This April, I had the opportunity to be a part of the process. I had the chance to help make a difference in the lives of millions of people across my state and country. This April, I made my first trip to the U.S. capitol as part of the AARC’s Political Advocacy Contact Team (PACT), and I can say, with 100% confidence, that I will never be the same.
As a respiratory student, it can be conflicting to hear the different points of view people have concerning our state and national professional organizations. Some therapists are very involved. They make every effort they possibly can to help educate fellow practitioners. They mentor students and young RTs. They create new strategies based on evidence, and they strive to share with any who will listen.

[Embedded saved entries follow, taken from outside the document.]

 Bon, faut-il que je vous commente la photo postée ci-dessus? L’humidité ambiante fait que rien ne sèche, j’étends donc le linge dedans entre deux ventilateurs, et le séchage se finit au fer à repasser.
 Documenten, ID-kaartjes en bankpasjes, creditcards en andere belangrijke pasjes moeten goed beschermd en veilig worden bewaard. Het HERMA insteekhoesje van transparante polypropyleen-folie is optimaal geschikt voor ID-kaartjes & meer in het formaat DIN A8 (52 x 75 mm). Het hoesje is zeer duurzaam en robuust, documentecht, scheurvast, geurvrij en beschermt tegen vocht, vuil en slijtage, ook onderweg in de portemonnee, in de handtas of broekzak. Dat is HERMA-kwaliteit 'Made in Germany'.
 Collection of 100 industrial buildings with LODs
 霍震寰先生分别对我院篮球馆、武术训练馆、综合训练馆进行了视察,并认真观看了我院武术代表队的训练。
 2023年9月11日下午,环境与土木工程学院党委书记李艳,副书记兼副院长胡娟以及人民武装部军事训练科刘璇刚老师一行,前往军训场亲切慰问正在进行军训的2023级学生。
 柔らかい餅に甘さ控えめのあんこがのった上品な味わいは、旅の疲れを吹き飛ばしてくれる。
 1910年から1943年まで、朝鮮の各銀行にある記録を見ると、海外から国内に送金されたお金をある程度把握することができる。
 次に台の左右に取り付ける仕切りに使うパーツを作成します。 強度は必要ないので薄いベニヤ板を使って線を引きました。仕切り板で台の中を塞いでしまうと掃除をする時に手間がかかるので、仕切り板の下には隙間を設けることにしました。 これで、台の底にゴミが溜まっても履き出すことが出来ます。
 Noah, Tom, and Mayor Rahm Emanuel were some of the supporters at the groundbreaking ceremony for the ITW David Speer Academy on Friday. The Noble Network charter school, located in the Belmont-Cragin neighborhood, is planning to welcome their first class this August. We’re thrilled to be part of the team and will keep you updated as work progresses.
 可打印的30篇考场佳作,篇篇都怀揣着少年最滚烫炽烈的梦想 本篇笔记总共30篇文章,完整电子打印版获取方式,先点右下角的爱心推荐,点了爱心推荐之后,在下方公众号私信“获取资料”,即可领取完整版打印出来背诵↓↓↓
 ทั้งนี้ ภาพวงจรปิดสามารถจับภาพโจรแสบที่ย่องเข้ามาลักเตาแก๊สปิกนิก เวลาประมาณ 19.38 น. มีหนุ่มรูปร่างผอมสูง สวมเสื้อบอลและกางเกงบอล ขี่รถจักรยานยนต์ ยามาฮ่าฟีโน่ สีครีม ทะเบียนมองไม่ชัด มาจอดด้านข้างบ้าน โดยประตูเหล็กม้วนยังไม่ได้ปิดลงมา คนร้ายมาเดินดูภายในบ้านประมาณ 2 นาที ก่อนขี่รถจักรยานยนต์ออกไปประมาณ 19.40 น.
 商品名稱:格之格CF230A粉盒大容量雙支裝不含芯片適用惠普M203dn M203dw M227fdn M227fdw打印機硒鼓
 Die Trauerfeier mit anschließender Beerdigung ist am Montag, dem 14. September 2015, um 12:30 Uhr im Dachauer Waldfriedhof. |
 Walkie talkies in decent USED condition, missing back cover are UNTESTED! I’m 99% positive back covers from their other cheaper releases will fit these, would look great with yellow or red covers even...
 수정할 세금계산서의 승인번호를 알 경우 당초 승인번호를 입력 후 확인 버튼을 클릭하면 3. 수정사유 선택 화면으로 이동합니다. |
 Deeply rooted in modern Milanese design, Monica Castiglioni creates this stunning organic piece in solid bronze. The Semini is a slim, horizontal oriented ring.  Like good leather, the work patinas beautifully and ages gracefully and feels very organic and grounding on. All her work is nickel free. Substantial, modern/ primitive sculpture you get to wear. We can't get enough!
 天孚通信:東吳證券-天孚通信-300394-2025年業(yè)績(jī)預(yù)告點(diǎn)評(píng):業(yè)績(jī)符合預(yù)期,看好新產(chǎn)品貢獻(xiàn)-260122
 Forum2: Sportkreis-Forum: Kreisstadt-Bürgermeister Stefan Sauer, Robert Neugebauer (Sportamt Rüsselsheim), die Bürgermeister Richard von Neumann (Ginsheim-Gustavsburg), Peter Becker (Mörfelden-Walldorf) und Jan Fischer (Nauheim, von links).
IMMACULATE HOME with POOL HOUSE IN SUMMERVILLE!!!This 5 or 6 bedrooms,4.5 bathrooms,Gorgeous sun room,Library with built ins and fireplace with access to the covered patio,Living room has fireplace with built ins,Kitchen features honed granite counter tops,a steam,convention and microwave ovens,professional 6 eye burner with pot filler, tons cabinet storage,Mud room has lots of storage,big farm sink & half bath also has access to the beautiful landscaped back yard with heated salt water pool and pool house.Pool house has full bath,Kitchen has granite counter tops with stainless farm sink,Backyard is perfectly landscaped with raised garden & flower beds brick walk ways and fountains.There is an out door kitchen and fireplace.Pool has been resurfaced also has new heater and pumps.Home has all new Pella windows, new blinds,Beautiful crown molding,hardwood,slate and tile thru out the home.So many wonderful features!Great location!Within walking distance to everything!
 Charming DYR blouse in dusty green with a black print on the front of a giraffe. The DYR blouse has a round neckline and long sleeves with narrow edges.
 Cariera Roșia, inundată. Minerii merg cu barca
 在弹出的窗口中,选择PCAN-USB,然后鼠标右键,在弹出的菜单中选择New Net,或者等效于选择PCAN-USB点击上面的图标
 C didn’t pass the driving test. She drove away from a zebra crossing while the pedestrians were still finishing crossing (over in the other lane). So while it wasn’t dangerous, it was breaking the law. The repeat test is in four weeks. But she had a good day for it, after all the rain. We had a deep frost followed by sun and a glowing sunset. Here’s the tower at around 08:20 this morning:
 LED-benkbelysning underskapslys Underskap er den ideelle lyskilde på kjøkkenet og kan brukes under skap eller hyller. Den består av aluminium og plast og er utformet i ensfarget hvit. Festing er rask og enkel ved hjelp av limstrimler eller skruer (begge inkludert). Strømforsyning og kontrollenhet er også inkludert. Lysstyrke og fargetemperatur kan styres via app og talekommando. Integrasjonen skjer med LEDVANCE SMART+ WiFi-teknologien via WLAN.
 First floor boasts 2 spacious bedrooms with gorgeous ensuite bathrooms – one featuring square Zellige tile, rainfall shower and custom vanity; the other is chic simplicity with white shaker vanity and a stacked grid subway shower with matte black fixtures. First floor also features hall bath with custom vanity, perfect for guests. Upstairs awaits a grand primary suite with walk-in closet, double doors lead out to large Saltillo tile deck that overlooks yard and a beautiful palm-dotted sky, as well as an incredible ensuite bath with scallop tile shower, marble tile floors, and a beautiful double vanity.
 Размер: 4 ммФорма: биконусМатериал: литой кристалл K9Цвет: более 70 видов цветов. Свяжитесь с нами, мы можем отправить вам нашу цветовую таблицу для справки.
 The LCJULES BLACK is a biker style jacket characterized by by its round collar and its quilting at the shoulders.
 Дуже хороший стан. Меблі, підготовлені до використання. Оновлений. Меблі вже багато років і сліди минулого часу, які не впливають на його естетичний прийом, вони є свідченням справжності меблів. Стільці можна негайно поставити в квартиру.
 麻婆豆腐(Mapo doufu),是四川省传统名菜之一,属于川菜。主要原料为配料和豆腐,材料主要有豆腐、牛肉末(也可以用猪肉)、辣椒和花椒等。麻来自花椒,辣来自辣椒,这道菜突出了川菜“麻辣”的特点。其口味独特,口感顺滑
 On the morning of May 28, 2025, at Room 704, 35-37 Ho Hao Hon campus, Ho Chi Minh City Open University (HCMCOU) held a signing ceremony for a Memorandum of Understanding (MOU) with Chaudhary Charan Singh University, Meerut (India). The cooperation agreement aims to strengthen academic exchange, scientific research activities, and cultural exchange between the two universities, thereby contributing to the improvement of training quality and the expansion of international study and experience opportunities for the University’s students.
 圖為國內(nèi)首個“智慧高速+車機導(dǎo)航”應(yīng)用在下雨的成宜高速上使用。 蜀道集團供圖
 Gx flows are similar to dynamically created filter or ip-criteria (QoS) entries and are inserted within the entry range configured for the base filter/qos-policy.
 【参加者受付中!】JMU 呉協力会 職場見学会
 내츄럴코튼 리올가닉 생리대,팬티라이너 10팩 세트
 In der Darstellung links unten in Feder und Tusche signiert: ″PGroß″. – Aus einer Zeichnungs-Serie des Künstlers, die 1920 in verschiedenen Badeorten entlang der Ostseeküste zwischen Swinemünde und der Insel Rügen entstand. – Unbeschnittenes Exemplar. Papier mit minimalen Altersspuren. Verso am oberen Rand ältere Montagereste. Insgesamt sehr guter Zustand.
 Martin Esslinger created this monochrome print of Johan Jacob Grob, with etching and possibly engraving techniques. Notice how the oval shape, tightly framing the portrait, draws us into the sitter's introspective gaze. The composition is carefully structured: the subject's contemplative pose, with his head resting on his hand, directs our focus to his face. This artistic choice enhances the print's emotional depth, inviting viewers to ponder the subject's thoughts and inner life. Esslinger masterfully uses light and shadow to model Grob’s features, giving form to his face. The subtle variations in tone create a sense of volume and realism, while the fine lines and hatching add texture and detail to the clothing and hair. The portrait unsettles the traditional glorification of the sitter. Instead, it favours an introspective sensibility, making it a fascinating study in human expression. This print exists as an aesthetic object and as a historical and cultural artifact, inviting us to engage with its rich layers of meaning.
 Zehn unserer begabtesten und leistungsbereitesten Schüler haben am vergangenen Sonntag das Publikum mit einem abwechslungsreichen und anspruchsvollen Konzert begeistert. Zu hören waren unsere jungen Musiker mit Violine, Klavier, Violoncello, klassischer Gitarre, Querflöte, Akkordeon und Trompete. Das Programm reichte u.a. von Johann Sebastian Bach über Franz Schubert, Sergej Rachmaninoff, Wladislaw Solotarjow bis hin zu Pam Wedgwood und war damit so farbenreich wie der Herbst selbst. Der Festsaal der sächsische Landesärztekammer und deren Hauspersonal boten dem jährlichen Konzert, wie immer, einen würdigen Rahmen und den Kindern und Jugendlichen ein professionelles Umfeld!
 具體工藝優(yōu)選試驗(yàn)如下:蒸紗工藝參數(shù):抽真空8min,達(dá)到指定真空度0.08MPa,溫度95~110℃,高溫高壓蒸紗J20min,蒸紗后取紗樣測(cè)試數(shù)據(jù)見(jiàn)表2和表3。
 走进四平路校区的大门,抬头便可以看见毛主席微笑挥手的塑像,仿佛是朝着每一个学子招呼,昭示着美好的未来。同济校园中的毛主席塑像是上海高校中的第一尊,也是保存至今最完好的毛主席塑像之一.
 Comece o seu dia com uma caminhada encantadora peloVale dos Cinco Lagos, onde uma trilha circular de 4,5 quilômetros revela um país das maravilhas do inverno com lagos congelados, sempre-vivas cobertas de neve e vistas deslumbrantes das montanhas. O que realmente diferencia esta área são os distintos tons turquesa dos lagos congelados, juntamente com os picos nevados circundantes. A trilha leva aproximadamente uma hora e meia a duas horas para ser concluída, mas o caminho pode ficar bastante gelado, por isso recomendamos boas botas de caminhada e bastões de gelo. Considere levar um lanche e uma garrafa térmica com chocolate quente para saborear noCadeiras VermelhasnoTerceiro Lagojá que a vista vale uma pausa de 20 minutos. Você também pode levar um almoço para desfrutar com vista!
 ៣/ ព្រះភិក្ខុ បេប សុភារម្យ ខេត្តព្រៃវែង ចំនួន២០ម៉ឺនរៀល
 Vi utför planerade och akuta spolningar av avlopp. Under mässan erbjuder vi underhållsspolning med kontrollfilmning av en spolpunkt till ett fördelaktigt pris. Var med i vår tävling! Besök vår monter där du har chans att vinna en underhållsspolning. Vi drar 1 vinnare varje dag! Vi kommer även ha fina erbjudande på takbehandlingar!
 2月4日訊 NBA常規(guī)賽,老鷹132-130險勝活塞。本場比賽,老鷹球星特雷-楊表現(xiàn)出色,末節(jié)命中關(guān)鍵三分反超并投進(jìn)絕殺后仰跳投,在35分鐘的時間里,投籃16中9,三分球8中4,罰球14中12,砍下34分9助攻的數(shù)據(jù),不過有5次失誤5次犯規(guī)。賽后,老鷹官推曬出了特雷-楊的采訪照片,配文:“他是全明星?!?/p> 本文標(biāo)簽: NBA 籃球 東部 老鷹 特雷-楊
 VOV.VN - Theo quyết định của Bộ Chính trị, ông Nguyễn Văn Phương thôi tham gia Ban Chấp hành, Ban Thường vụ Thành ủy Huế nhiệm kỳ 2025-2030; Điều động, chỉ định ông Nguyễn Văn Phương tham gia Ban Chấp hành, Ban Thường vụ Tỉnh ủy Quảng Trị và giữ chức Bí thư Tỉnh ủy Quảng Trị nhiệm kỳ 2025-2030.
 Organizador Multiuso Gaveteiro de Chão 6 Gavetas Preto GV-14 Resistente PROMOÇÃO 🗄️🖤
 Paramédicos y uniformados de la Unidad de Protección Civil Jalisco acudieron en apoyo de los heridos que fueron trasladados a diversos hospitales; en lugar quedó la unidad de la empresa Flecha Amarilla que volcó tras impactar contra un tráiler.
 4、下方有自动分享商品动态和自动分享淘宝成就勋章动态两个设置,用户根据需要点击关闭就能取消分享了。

Some therapists are great clinically, but have too many obligations to be as involved as they would like to be. Others still are against our organizations and even our license board, citing greed and inaction as their reasoning.
Seeing firsthand the time, planning, and work involved in making an AARC Hill day a worthwhile endeavor puts me in the first group.
Months of planning
Taking part in the AARC’s Capitol Hill Advocacy Day was, for me, an inside look at how the sausage gets made, and as the adage goes, it isn’t pretty. Like cured meats, it is a slow process.
Still, our day on the Hill felt very successful, with meeting after meeting resulting in an engaging back and forth with staffers (and even one senator!). But this one smooth day was the result of months of planning.
I was lucky to accompany two mentors who not only had a specific goal, they had a plan, and they had research and trials to back it up. They did all of the legwork to ensure a great start.
That’s all that happened that day — a start. It is a start that worked well because months and even years of relationships have been built and maintained to get this opportunity. But it is a start that needs more work to even get to a point where it can be considered more than just a notion.
We must remain vigilant
Government is an ugly process. Yes, the meets were successful. My mentors had all of the right things to say to each staffer. They knew the angles each member of Congress had interest in. They knew the right way to approach each “ask,” and the right “asks” to make to best benefit the patients, our patients.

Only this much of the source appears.